Confirmation of the disruption of the pkr gene in N-PKR−/− mice. a Schematic representation of the pkr gene in wt and N-PKR−/− as well as the primers used in the PCR and RT-PCR analysis. b Part of exon 2 and 3 was missing in the tail DNA of N-PKR−/− mice but present in the strain-matched C57BL/6 wt mice. c Total RNAs were isolated from the cerebral cortex (co), hippocampus (hi), cerebellum (ce) of wt, and N-PKR −/− mice at age of PD6. The transcrips of pkr gene of wt or N-PKR−/− mice were determined by RT-PCR. d PKR protein levels in the cerebral cortex (co), hippocampus (hi), cerebellum (ce) of wt, and N-PKR−/− mice at age of PD6 were determined by immunoblotting

N-PKR−/− and wt Mice Had Similar BAC Profiles

To determine whether disruption of pkr gene may alter BAC profile, a time course study of BACs was applied to wt and N-PKR−/− mice following the single i.p. injection of alcohol at 2.2 g/kg or 4.4 g/kg on PD4. These ethanol exposure paradigms for BAC determination have been used previously [17]. At both doses, N-PKR−/− mice displayed a BAC curve that was similar to wt mice with a peak at 45 min after ethanol treatment (Fig. 2).
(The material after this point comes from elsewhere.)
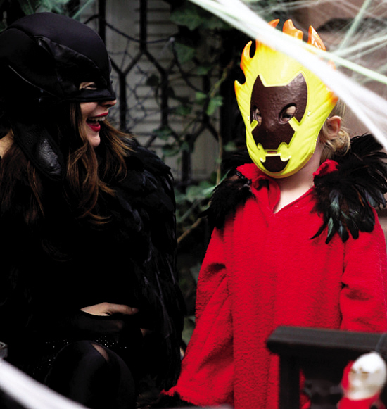 为了庆祝万圣节,丽芙·泰勒和她的儿子Milo Langdon将房子周围装扮得很有节日气氛,看起来像被蜘蛛网笼罩一样。泰勒戴着普通的黑色面具,而Langdon的黄色面具很抢眼,颇似孙悟空造型。

In particular, the alcohol levels remained above 200 mg/dl for over 8 h following 4.4 g/kg dose that has been shown to produce neuronal apoptosis in neonatal mice [23]. The results indicate that the disruption of pkr gene in its N-terminal does not affect ethanol absorption or metabolism.

Fig. 2.

Fig. 2

BAC profiles are similar in wt and N-PKR−/− mice. Ethanol was administered at a dose of 2.2 g/kg (a) or 4.4 g/kg (b) as a single intraperitoneal injection to wt and N-PKR−/− mice on PD4. BACs were measured at 15 min, 30 min, 45 min, 1 h, 2 h, 4 h, 6 h, and 8 h after ethanol treatment. Data are expressed as the mean±S.E. (n=7)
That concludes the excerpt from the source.